The Big Issue: In your new book, you say that when reality and Black Mirror align you feel like, “We’re all living in my dream.” How do we wake up?
Charlie Brooker: I don’t know how we wake up from the constant unfolding Black Mirror episode we seem to be living in. The world is in a transitional period. I was trying to work this out the other day, is it more mental now than people would have thought it was in the Cold War? I guess the world is constantly in a state of upheaval. I just hope as a species we find our way through. We have to stop hoping that other people will sort it all out and do it ourselves.
Is the current state of upheaval making it harder to write Black Mirror?

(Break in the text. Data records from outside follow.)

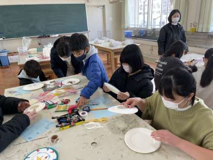 木製の駒、糸引き駒に子どもたちは思い思いに絵付けや色付けのデザインをします。紙皿のフリスビーにも、色着けや絵着けをします。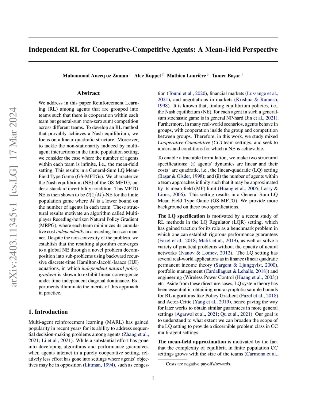 We address in this paper Reinforcement Learning (RL) among agents that are grouped into teams such that there is cooperation within each team but general-sum (non-zero sum) competition across different teams. To develop an RL method that provably achieves a Nash equilibrium, we focus on a linear-quadratic structure. Moreover, to tackle the non-stationarity induced by multi-agent interactions in the finite population setting, we consider the case where the number of agents within each team is infinite, i.e., the mean-field setting. This results in a General-Sum LQ Mean-Field Type Game (GS-MFTG). We characterize the Nash equilibrium (NE) of the GS-MFTG, under a standard invertibility condition. This MFTG NE is then shown to be -NE for the finite population game where is a lower bound on the number of agents in each team. These structural results motivate an algorithm called Multi-player Receding-horizon Natural Policy Gradient (MRNPG), where each team minimizes its cumulative cost \emph{independently} in a receding-horizon manner. Despite the non-convexity of the problem, we establish that the resulting algorithm converges to a global NE through a novel problem decomposition into sub-problems using backward recursive discrete-time Hamilton-Jacobi-Isaacs (HJI) equations, in which \emph{independent natural policy gradient} is shown to exhibit linear convergence under time-independent diagonal dominance. Numerical studies included corroborate the theoretical results.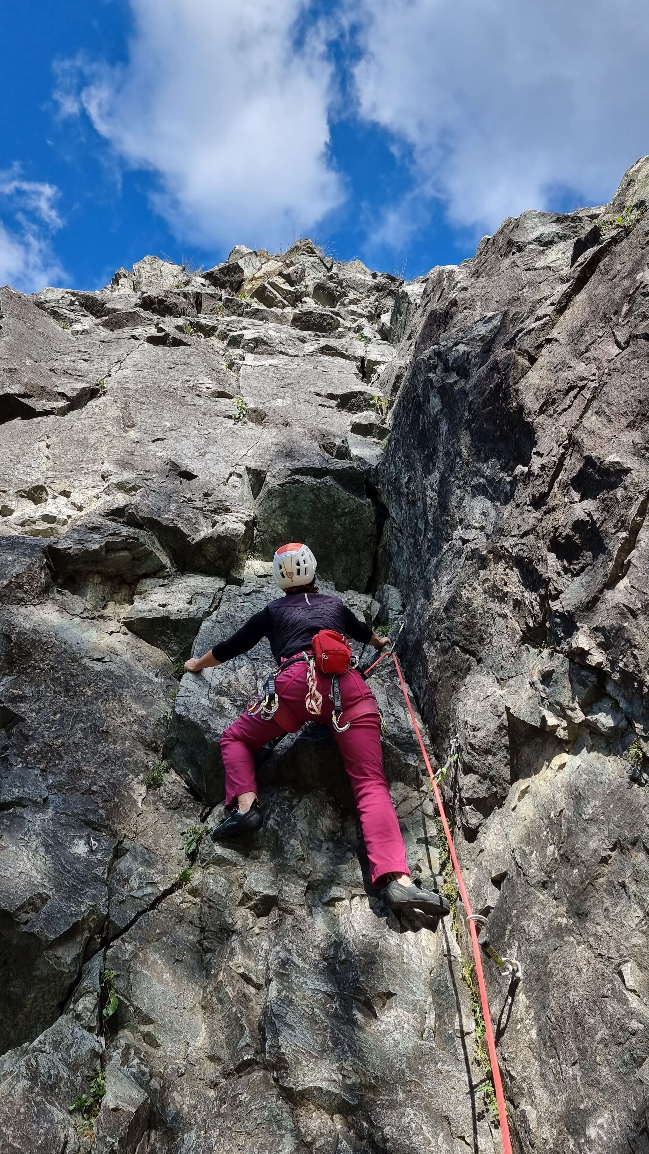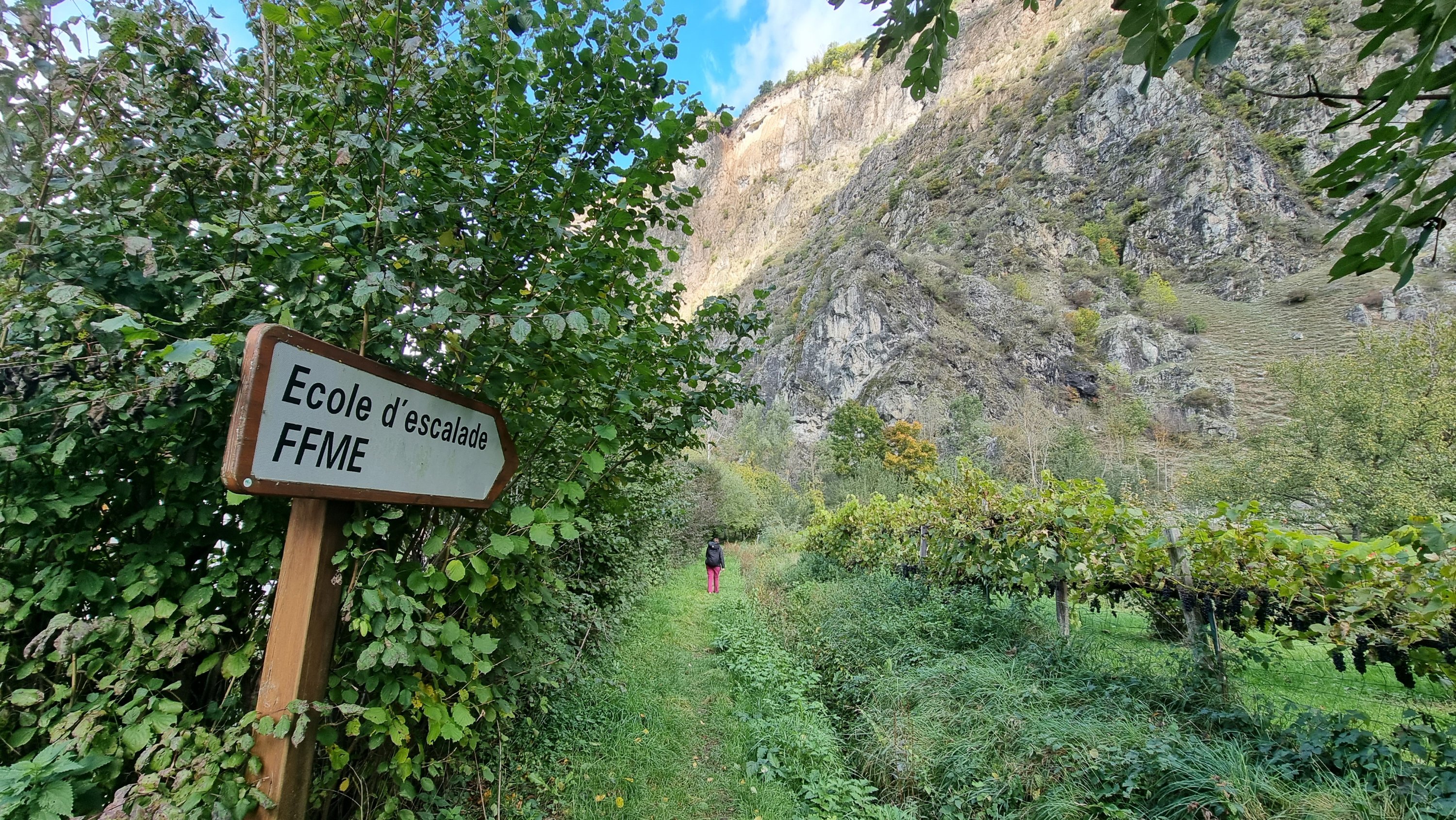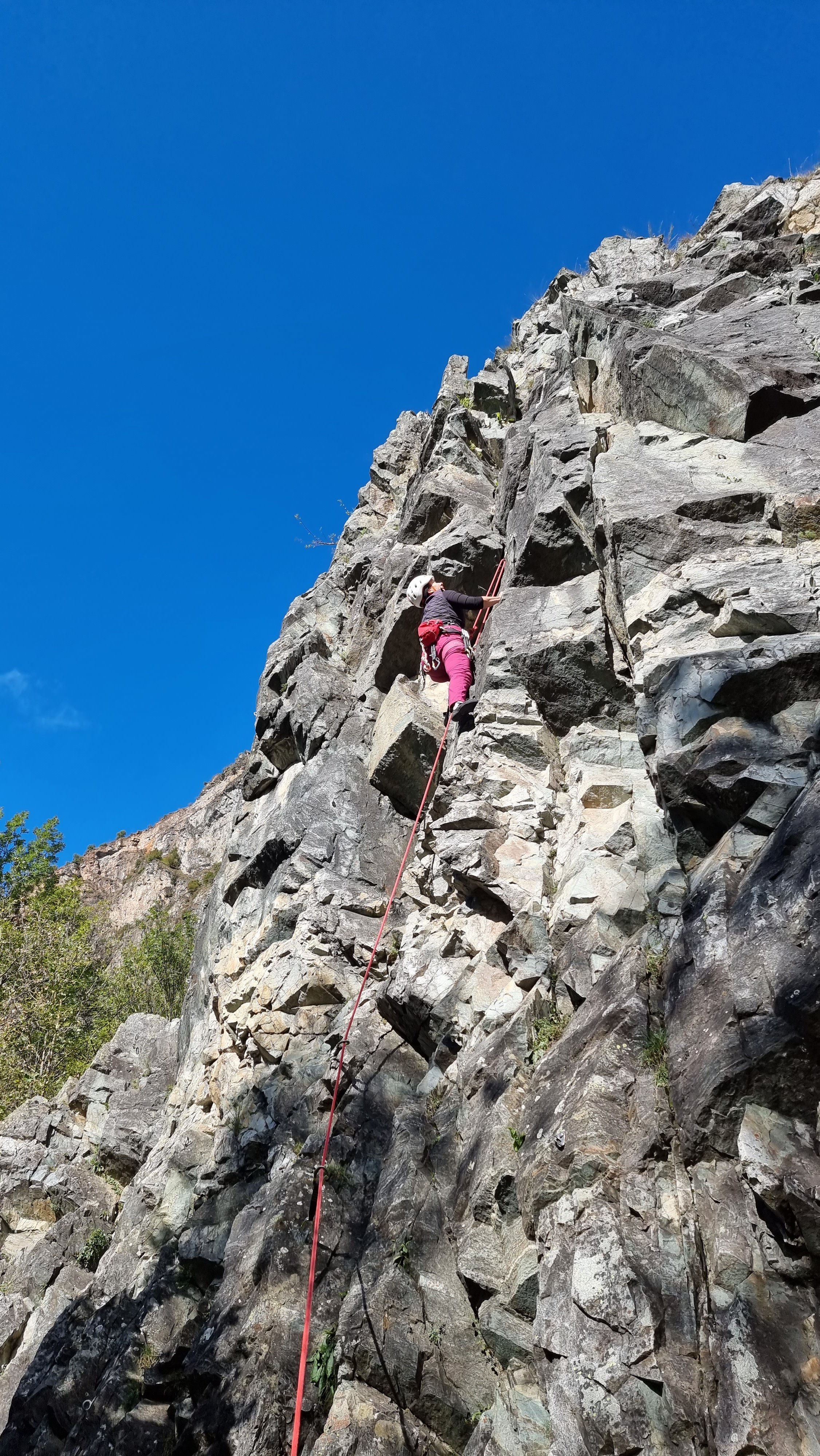 Another rainy stopover near Grenoble, with more precipitation forecasted, and we resigned ourselves to a day’s driving, but things perked up as we approached The Oisans. Leaving Bourg d’Oisans on the road to Briancon (which ultimately crosses Col du Lautaret for you cycling buffs) we were intrigued by a carved wooden sign: “Escalade” and pulled a few hundred metres down a narrow gravel road. Sure enough, we’d stumbled across Le Vernis, a modest but very handy Gneiss (and quite nice) crag. Definitely not “Destination” quality, but the sun was shining by now and it was feeling pleasantly warm despite the altitude. The “stick or twist” debate was short-lived as Helen pointed out the advantages of a bird in the hand (or perhaps un Oiseaux dans L’Oisins).

It would be a fool’s errand to say, “Well, I’m going to do an episode about that” because once you’ve done it everything could have changed again. On the other hand, more prosaically, the technology in the show makes life a little easier because we can show it doing fantastical things and a) people are more prepared to believe and b) you don’t have to explain stuff as much as you would have done. An episode like Nosedive [in which Bryce Dallas Howard falls foul of a TripAdvisor-style human ranking system] where everyone is ranked out of five – that would have been very hard to explain to a viewer 10 years earlier. Now people understand it and can relate it to their real life.
Has it made you look at technology like your phone any differently?
I suppose I’ve been a slightly paranoid and neurotic individual anyway and in one respect it has probably been a bit cathartic and relaxes me. I don’t think it has changed my attitude towards technology because I’m quite pro – I’ve always been a bit geeky. I don’t even follow the technological news – now everyone emails or tweets me anything Black Mirror-y so I don’t really have to.